After the hourlong interview, Lyons offered to show Stalin the story before sending it to New York, and he was given a typewriter, tea and sandwiches in a nearby small office. The story was then translated into Russian, Stalin made some minor corrections, and then signed it: “More or less correct, J. Stalin.” For some reason, the censors quickly cleared that story, but it had to wait. United Press held it for better play until the next Monday morning.



These are only a few of the correspondents who drifted in and out of Russia over the years.

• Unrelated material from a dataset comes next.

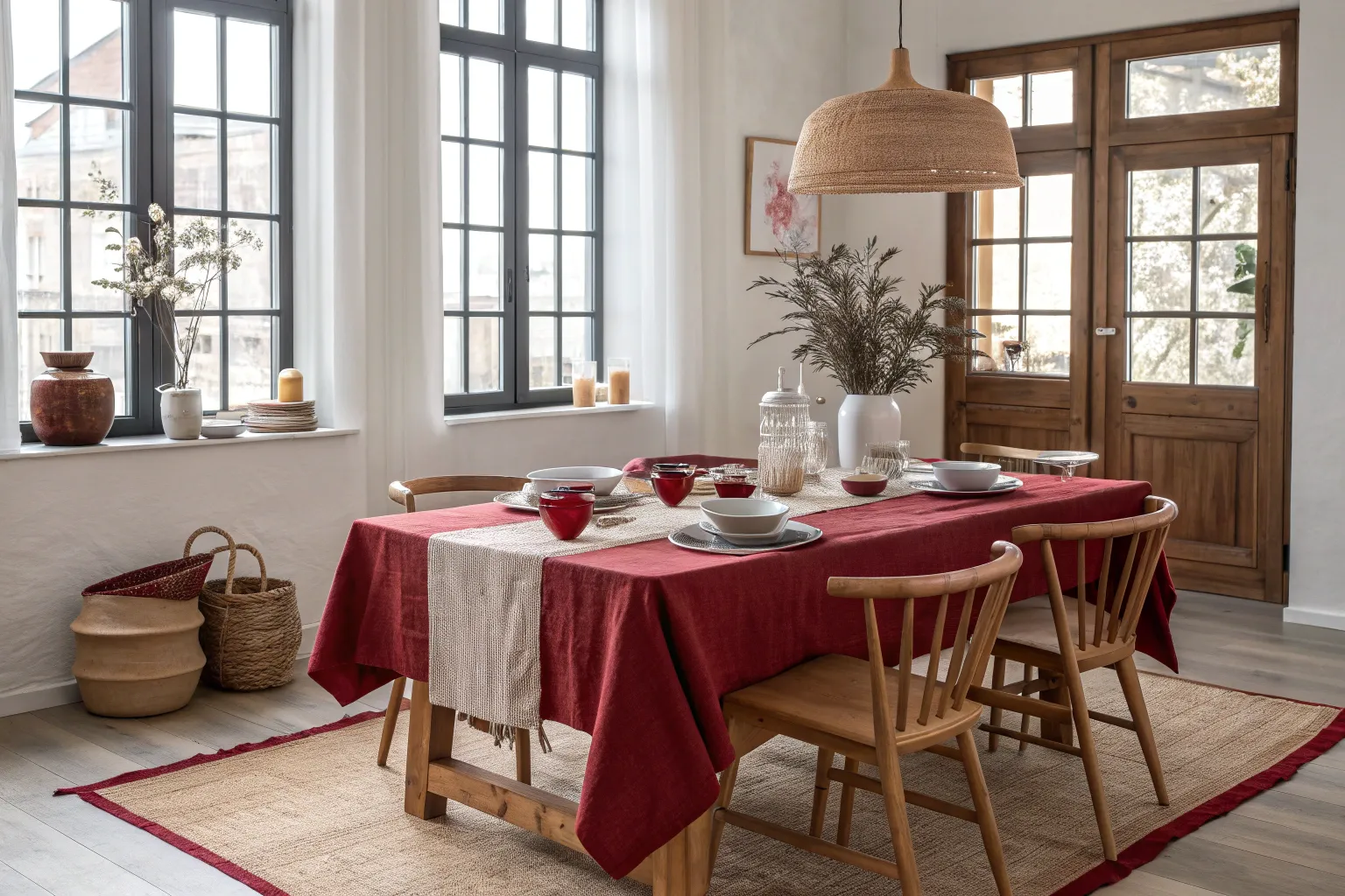 - Red Table Runner: Enhance your dining setup with a red table runner for a flawless, warm ambiance.

Others appear in Seeger’s book, some as main characters, others with cameo appearances—Januarius Aloysius MacGahan, Harold Frederic, George Kennan, Thomas Stevens, James Gordon Bennett, Melvin Stone, John Steinbeck, Anna Louise Strong, Dorothy Thompson, George Seldes, Floyd Gibbons, Henry Shapiro, Eddy Gilmore, Wallace Carroll, Max Frankel, Harrison Salisbury, Dusko Doder, Nicholas Daniloff, Bob Toth, Hedrick Smith, Bob Kaiser, Michael Parks, David Remnick, and many more.



Then there was Walter Duranty of The New York Times, perhaps one of the most controversial of them all, a man described by the outspoken British writer Malcolm Muggeridge as a “sharp-witted energetic man” but the “greatest liar of any journalist I have met in 50 years of journalism.” Seeger writes that Duranty failed to report the “monstrous crimes” of the Stalinist era, the terrible human cost, stories that would have diminished the reporter’s “claimed omnipotence.” Still, Duranty won the 1932 Pulitzer for his reporting, although it remains in dispute.



Ukrainian groups over the years pressed the Pulitzer board to revoke the prize because Duranty, who covered the Soviet Union from 1922 to 1941, failed to report the state-sponsored starvation of millions of Ukrainians in 1932-1933. Two years ago, the Pulitzer board declined to revoke the prize, noting that the award was given for 13 articles written before the famine. The board did declare that his 1931 reporting “measured by today’s standards for foreign reporting, falls seriously short.” The Times agrees and, beside Duranty’s picture in The New York Times gallery of Pulitzer winners, is a note: “Other writers in the Times and elsewhere have discredited this coverage.”



We get a large dose of Duranty from Seeger—his meetings with Stalin, his note in defense of his coverage to Adolph Ochs, the Times publisher, his high living in Moscow, “a Buick instead of a Ford,” and then the fading of his career and his request to the Times for a pension of $155 a month. He got one check for $2,500.



Just one saga in this book of so many. And, by the end of it all, the reporters who worked in Moscow will be reminded of why they did. Those who never worked there might well wonder why they did not.



Alvin Shuster, a 1967 Nieman Fellow, was foreign editor of the Los Angeles Times from 1983 to 1995. He is now its senior consulting editor. He was also a foreign correspondent for The New York Times for a decade, serving as the bureau chief in London, Saigon and Rome.